### PROVIDED MATERIAL
· · · · · · ·
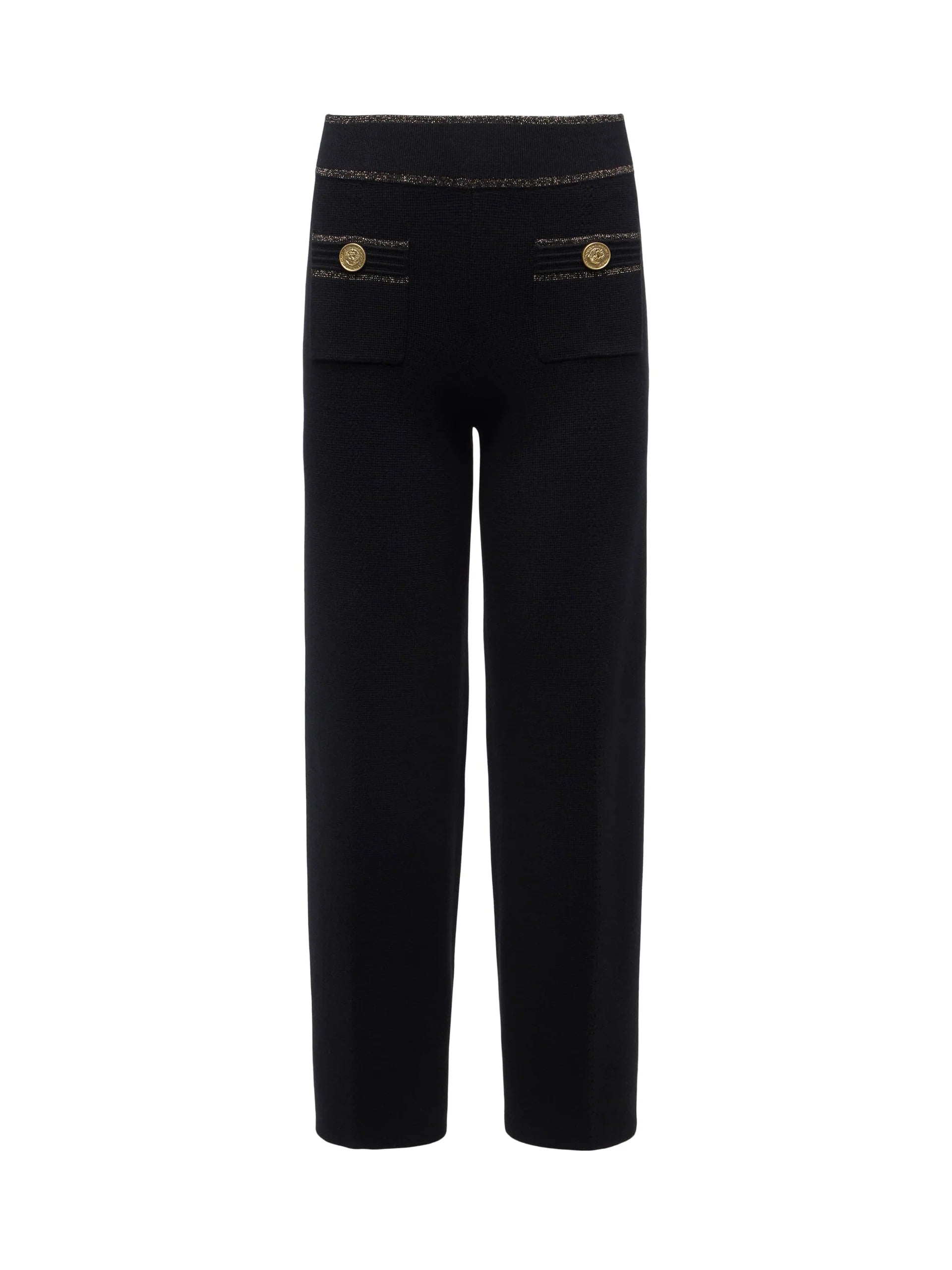 From the airport to the office to evening, the Madrid offers instant polish without compromising on comfort. Embrace the power of the knit pant, now in timeless black with subtle lurex trim.
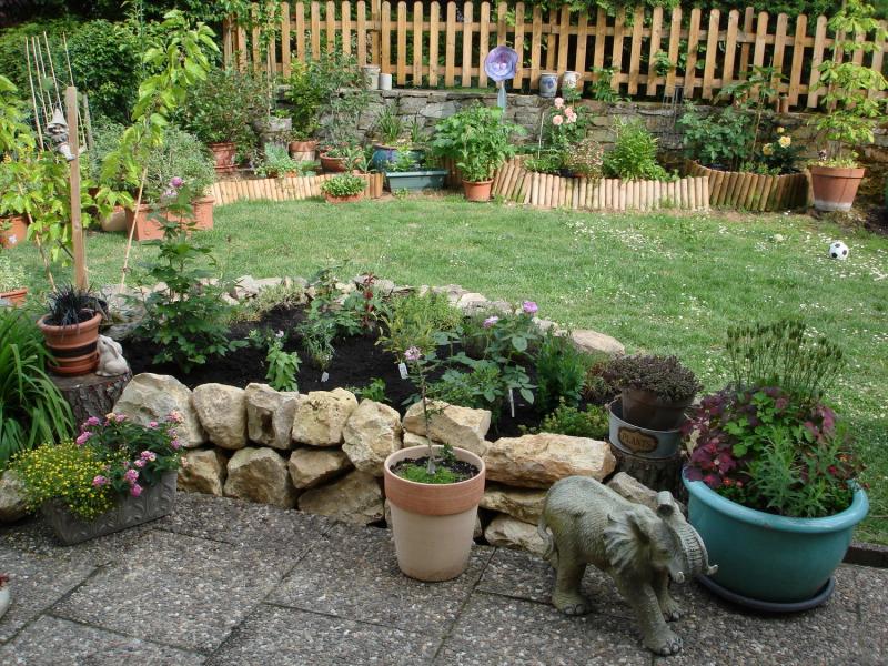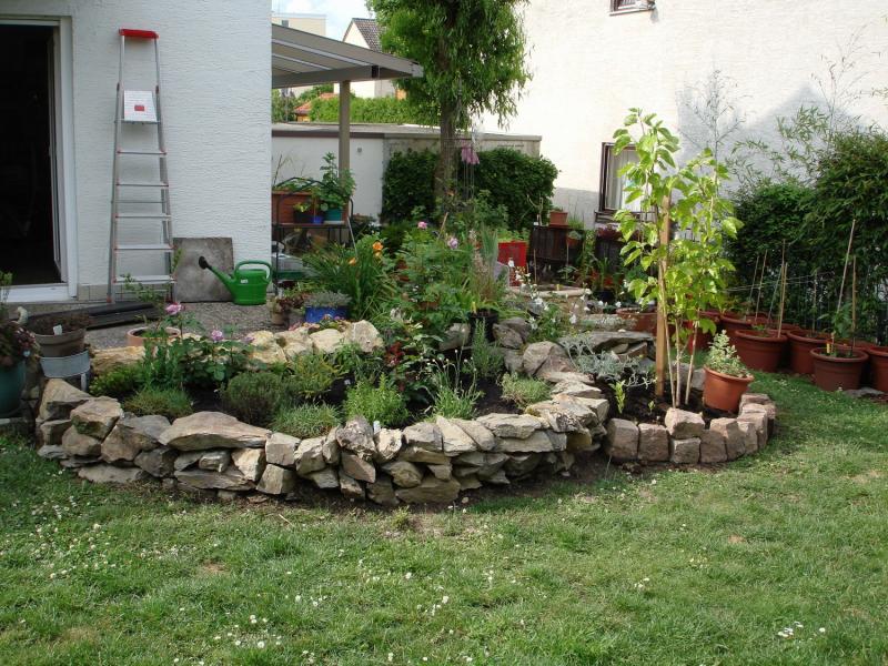 Im Frühjahr 2012 hatte mein Mann eine vierfach Bypass-OP und fiel erstmal als Hilfe aus. Die täglichen Fahrten zur Reha im Taunus nutze ich zum Steine sammeln. Daraus entstanden die ersten Beeterhöhungen.
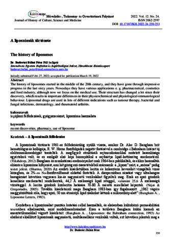 Budavári, Bálint Péter (2022) A liposzómák története. KALEIDOSCOPE: MŰVELŐDÉS- TUDOMÁNY- ÉS ORVOSTÖRTÉNETI FOLYÓIRAT, 12 (24). pp. 220-233. ISSN 2062-2597
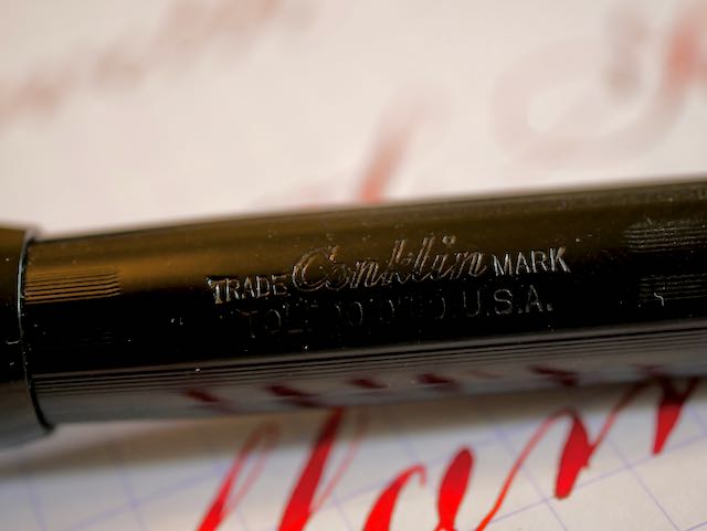 Here is a really nice vintage Conklin in a vest pen size. The pen is very similar to the Endura of the same size, but it is not marked Endura. It is in really great shape. The black hard rubber has almost no fading. The pin stripe chasing is still crisp as are the imprints. There is some small scratches here and there on the hard rubber body but they are very light and not very noticeable. The gold-filled trim also looks great. The made in Toledo Conklin #2 nib is a quality 14kt. gold beauty. It writes normally as a an XF. The flow keeps up perfectly but it is not the very wet flow typical of this era. It is smooth, not buttery, but smooth. It flexes nicely up to BBB (1.7mm) and has good responsiveness. Overall, a great little vintage pen.
· · · · · · ·
### WHAT THE TASK REQUIRES
Without the pictures, please reproduce each line of the listing above exactly, from the first one through the line bearing "Budavári, Bálint Péter".

### TASK RESPONSE
 From the airport to the office to evening, the Madrid offers instant polish without compromising on comfort. Embrace the power of the knit pant, now in timeless black with subtle lurex trim.
 Im Frühjahr 2012 hatte mein Mann eine vierfach Bypass-OP und fiel erstmal als Hilfe aus. Die täglichen Fahrten zur Reha im Taunus nutze ich zum Steine sammeln. Daraus entstanden die ersten Beeterhöhungen.
 Budavári, Bálint Péter (2022) A liposzómák története. KALEIDOSCOPE: MŰVELŐDÉS- TUDOMÁNY- ÉS ORVOSTÖRTÉNETI FOLYÓIRAT, 12 (24). pp. 220-233. ISSN 2062-2597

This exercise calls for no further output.